A young woman was allowed to flirt and go on dates, the latter of which would be strictly chaperoned during the early days of debutante balls. However, virginity was a must, and men could be blacklisted for being too handsy or presumptuous: they risked being labelled as NSIT (Not Safe In Taxis) or MTF (Must Touch Flesh).
Following the severe losses suffered during World War Two, wealth amongst the upper classes was often significantly dented by death duties. Since one season for one woman could cost up to £120,000 in today’s money, many war widows could no longer afford to pay for the outfit, travel and ticket expenses that being a ‘deb’ required.
Moreover, deb balls and parties were held in lavish townhouses and stately homes less and less; instead, they were moved to hotels and flats. Since food rationing only ended in 1954, the indulgent nature of the balls was markedly reduced.

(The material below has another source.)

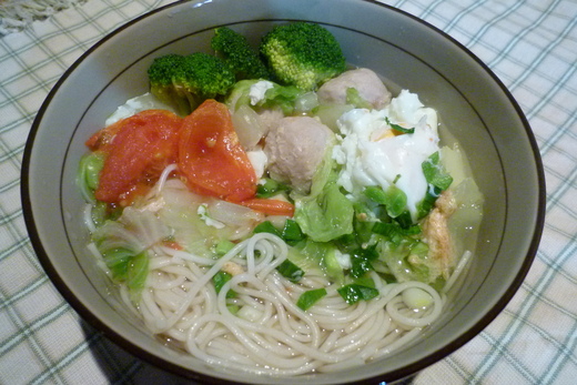放個貢丸加個蛋再加一堆蔬菜,簡單的一餐

Finally, the quality of debutantes was perceived to have fallen. Princess Margaret famously declared: “We had to put a stop to it. Every tart in London was getting in.”
Official portrait of Queen Elizabeth II before the start of her 1959 tour of the U.S. and Canada
Image Credit: Library and Archives Canada, CC BY 2.0
Though lesser forms of debutante balls have survived, Queen Elizabeth II ultimately put a stop to debutante balls where she was in attendance as the monarch in 1958. Post-war financial factors played a part, as did the burgeoning feminist movement that recognised that it was antiquated to pressure 17-year-old women to marry.
When the Lord Chamberlain announced the end of the royal presentation ceremony, it attracted a record number of applications for the final ball. That year, 1,400 girls curtseyed to Queen Elizabeth II over three days.
Though the heyday of debutante balls is over, some still exist today. While the formality of long white gowns, tiaras and gloves remains, the requirements for attendance is increasingly wealth-based rather than lineage-based. For instance, the annual Viennese Opera Ball is famously lavish; the least expensive ticket costs $1,100, while tickets for tables for 10-12 people are priced at around the $25,000 point.
Similarly, the Queen Charlotte’s Ball was revived in the early 21st century and is held annually at an extravagant location in the UK. However, organisers state that rather than serving as a way for aristocratic young women to ‘enter’ society, its focus has shifted to networking, business skills and charity fundraising.